Andrew C. Issekutz, Dalhousie University, Halifax, NS, Canada) [33]. The overlay medium helps limit viral secondary infection, thus allowing monitoring of cell-to-cell spread of virus in the presence or absence of the drugs. The plates were incubated until initial plaque formation, to which the test compounds were then added into the overlay medium and monitored in subsequent incubation
for analysis of viral plaque size by immunofluorescence assay. The fusion inhibitory peptide (FIP, Z-D-Phe-L-Phe-Gly-OH, 200 μM; Sigma) also served as control for MV [46]. Figure 7 Examination of CHLA and PUG treatment on virus cell-to-cell spread. (A) Schematic of the experiment (left) with the virus concentration (PFU/well) and step-wise incubation periods (i, ii, iii) indicated for each virus Caspase phosphorylation in the table on the right. Virus infections were established (i) in the different cell
types by direct inoculation (HCMV, DENV-2, MV, and RSV) or electroporation of viral RNA (HCV; *), and the cell monolayers were washed with citrate buffer or PBS before being covered with an overlay medium that prevents secondary infection. Initial virus plaques were allowed to form in the subsequent infections (ii), and then the Selleckchem HDAC inhibitor test compounds were added to the overlay medium for an additional time of incubation (iii) before analysis of viral plaque size by immune fluorescence microscopy.
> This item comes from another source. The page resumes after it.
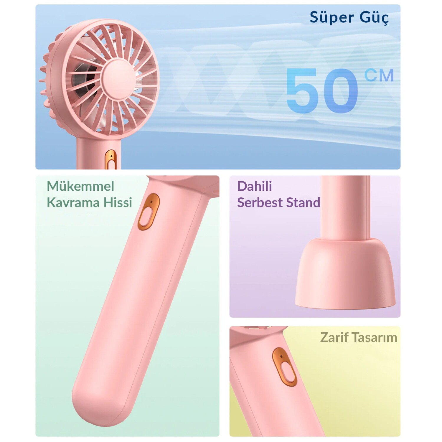 Warmco K30 Taşınabilir Mini Şarjlı El Vantilatörü, ultra kompakt boyutuyla çantanıza, cebinize veya avucunuzun içine mükemmel bir şekilde sığacak biçimde tasarlandı. Zarif pembe rengi ve yumuşak hatlara sahip ergonomik yapısıyla dikkat çeken bu mini fan, küçük boyutuna rağmen içinde barındırdığı 5W gücündeki motoru ve 3 farklı hız ayarı ile size dilediğiniz an güçlü bir serinlik sunar. 1800mAh kapasiteli güçlü bataryası ile sık sık şarj etme derdine son verirken, yeni nesil USB Type-C bağlantı portu ile her yerde ve her cihazla kolayca şarj edilebilir. İster yaz tatilinde sahilde, ister kalabalık toplu taşımalarda, isterseniz de ofis masanızda olun; sıcak basan her an anında imdadınıza yetişecek en şık ve hafif kurtarıcınız olacak.

Five random virus-positive plaques at the endpoint of the experiment were evaluated for each treatment group of viruses, and the data was plotted as “fold change of plaque area” against the size of the initial viral plaques formed prior to test compound treatment. Analyses for (B) HCMV, (C) HCV, (D) DENV-2, (E) MV, and (F) RSV are indicated in each additional panel. The S29 cell line and the FIP inhibitor were Wnt inhibition included as controls for HCV and MV, respectively. Results shown are means ± SEM from three independent experiments and representative micrographs of the evaluated Phosphoglycerate kinase plaques are provided in Additional file 1 Figure S1, Additional
file 2 Figure S2, Additional file 3 Figure S3, Additional file 4 Figure S4 and Additional file 5 Figure S5. See text for details. The examination of HCV spread is based on previously described protocol with some modifications [47]. Huh-7.5 cells were electroporated with HCV Jc1FLAG2(p7-nsGluc2A) RNA (10 μg) as described above to establish random productive infections in the cell population, and then mixed with naïve cells at a ratio of 1:1 before seeding in 12-well plates. Assembled HCV particles (within 24 – 48 h post-transfection) would transmit to neighboring cells that do not harbor viral RNA during viral spread and form localized foci in ensuing incubation period [48]. Medium was changed 24 h post-electroporation with an overlay medium containing the test drugs or control and 0.5% methylcellulose, and the plates were further incubated for 5 days before analysis of HCV-positive foci through immunostaining. The S29 cell line (provided by Dr. Rodney S.